## Records for this exercise
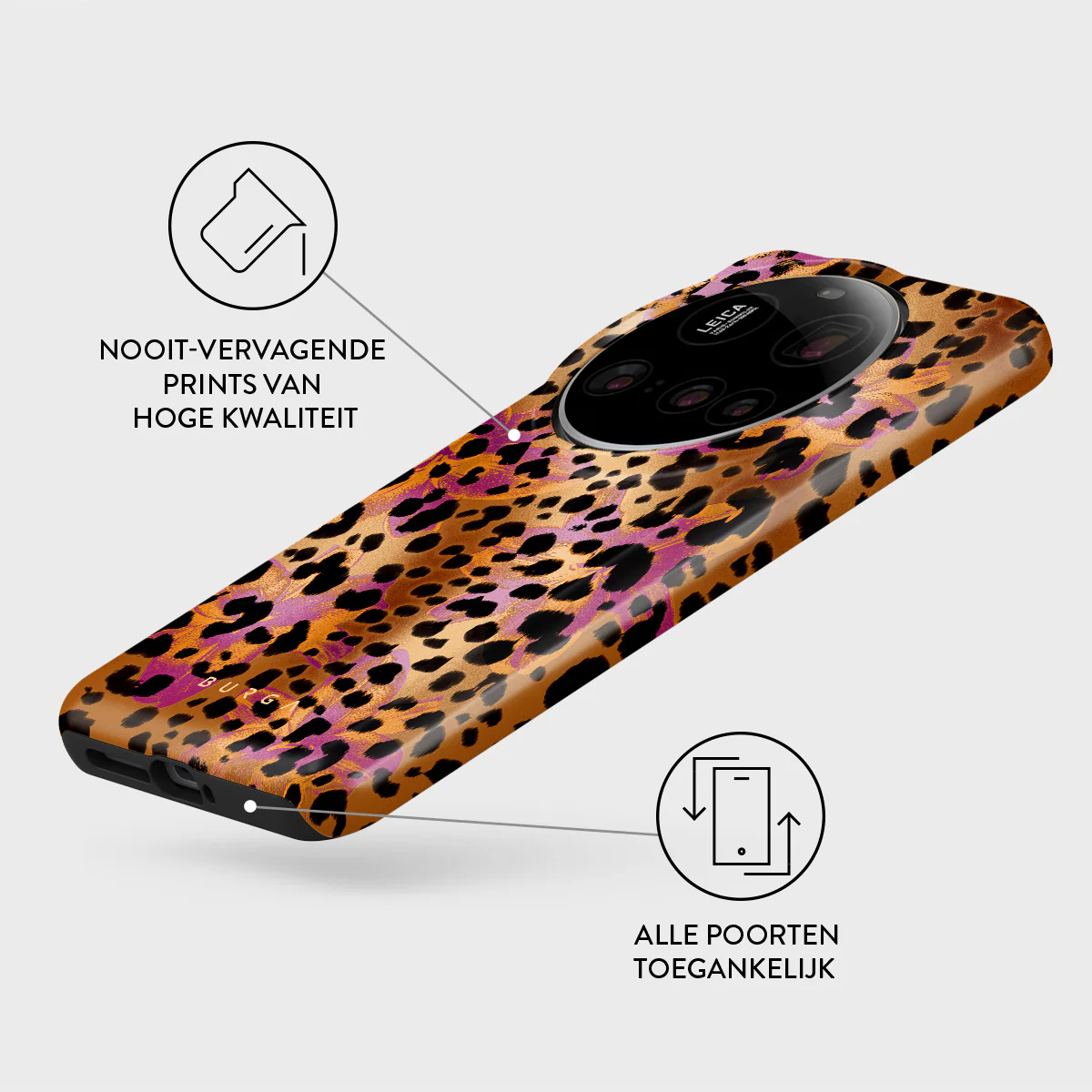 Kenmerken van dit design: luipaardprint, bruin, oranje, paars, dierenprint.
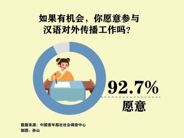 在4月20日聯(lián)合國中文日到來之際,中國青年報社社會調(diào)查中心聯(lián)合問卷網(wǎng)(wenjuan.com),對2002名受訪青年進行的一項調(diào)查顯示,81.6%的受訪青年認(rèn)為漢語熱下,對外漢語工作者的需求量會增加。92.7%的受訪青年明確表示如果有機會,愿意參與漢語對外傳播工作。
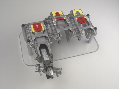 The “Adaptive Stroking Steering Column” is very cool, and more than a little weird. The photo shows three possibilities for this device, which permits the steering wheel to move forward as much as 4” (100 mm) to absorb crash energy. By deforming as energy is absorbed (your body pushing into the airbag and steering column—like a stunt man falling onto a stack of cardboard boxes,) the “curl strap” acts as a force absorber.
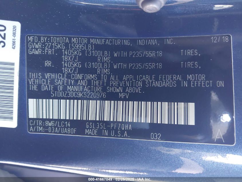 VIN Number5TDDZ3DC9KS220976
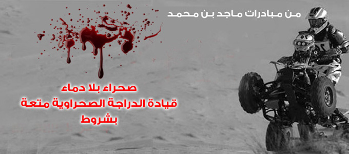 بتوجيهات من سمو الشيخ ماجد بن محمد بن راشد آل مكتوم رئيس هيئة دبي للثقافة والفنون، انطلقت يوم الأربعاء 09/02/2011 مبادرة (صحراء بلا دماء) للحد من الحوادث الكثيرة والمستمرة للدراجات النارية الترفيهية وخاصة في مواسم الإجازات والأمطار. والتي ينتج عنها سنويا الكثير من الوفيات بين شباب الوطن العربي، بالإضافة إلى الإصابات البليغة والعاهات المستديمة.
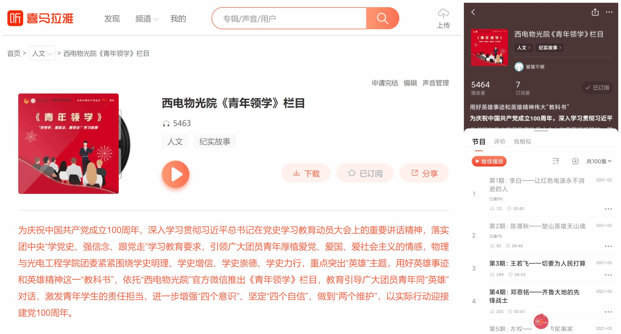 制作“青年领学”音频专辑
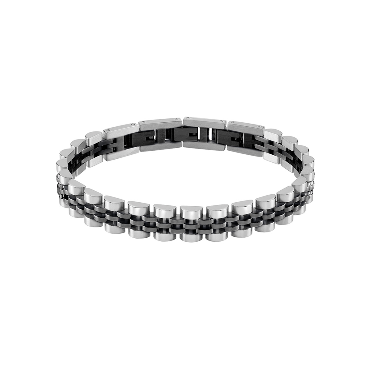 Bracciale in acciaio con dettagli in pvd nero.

==

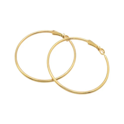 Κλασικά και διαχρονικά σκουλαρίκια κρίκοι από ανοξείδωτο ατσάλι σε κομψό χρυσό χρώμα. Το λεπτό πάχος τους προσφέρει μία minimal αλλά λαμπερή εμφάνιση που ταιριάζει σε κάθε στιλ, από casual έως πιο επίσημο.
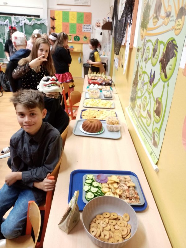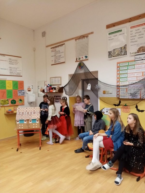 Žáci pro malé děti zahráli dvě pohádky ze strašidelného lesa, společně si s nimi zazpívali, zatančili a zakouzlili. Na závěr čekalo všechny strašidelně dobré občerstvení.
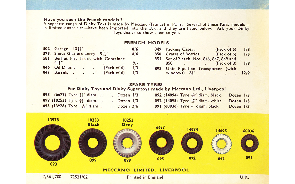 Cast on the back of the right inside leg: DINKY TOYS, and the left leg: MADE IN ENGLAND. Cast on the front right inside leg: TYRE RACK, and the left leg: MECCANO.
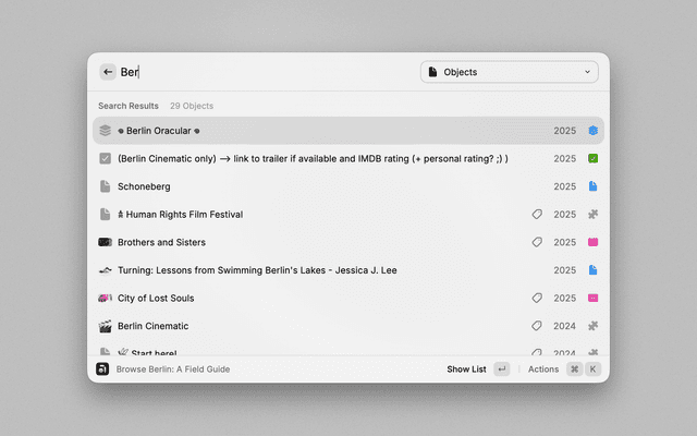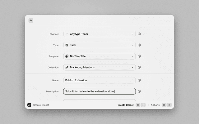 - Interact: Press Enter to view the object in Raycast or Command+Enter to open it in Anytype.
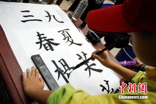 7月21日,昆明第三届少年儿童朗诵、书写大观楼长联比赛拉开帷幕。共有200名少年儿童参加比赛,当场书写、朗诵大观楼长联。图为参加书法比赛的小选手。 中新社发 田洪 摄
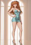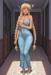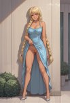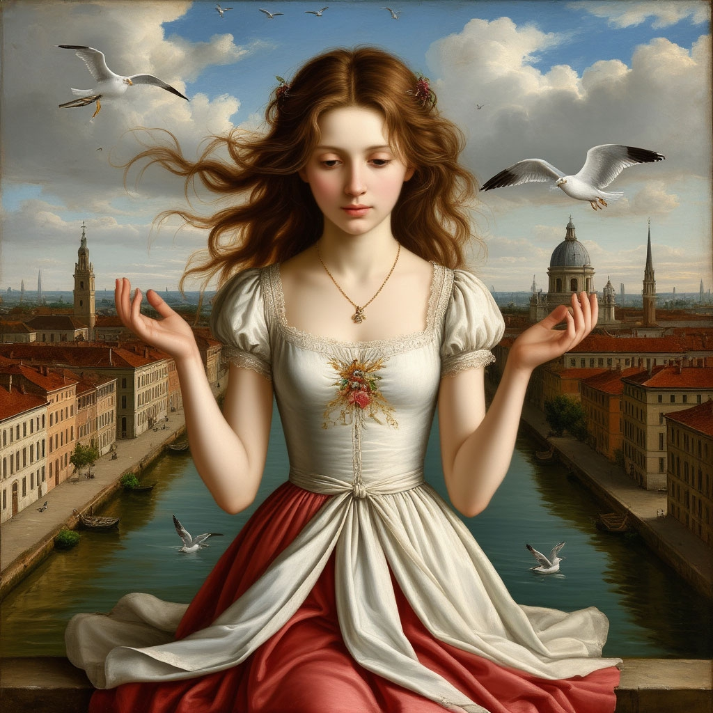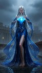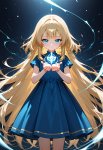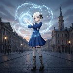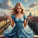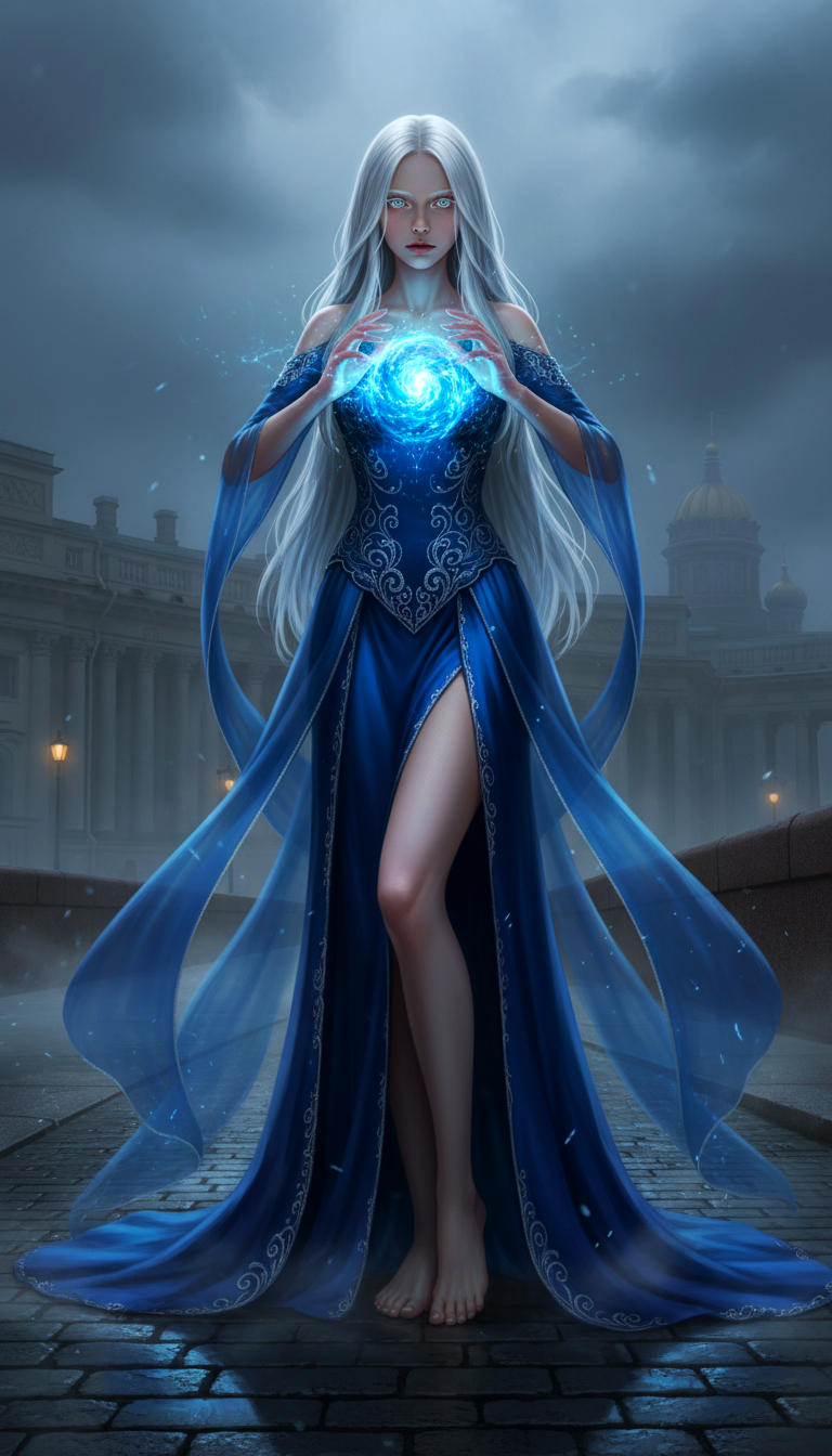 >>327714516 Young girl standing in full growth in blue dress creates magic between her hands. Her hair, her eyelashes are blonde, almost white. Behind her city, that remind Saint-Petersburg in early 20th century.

## Work item
Drop the pictures; return the lines above from the line containing "Žáci pro malé" to the line containing "early 20th century.", both included, exactly.

## Solved problem
 Žáci pro malé děti zahráli dvě pohádky ze strašidelného lesa, společně si s nimi zazpívali, zatančili a zakouzlili. Na závěr čekalo všechny strašidelně dobré občerstvení.
 Cast on the back of the right inside leg: DINKY TOYS, and the left leg: MADE IN ENGLAND. Cast on the front right inside leg: TYRE RACK, and the left leg: MECCANO.
 - Interact: Press Enter to view the object in Raycast or Command+Enter to open it in Anytype.
 7月21日,昆明第三届少年儿童朗诵、书写大观楼长联比赛拉开帷幕。共有200名少年儿童参加比赛,当场书写、朗诵大观楼长联。图为参加书法比赛的小选手。 中新社发 田洪 摄
 >>327714516 Young girl standing in full growth in blue dress creates magic between her hands. Her hair, her eyelashes are blonde, almost white. Behind her city, that remind Saint-Petersburg in early 20th century.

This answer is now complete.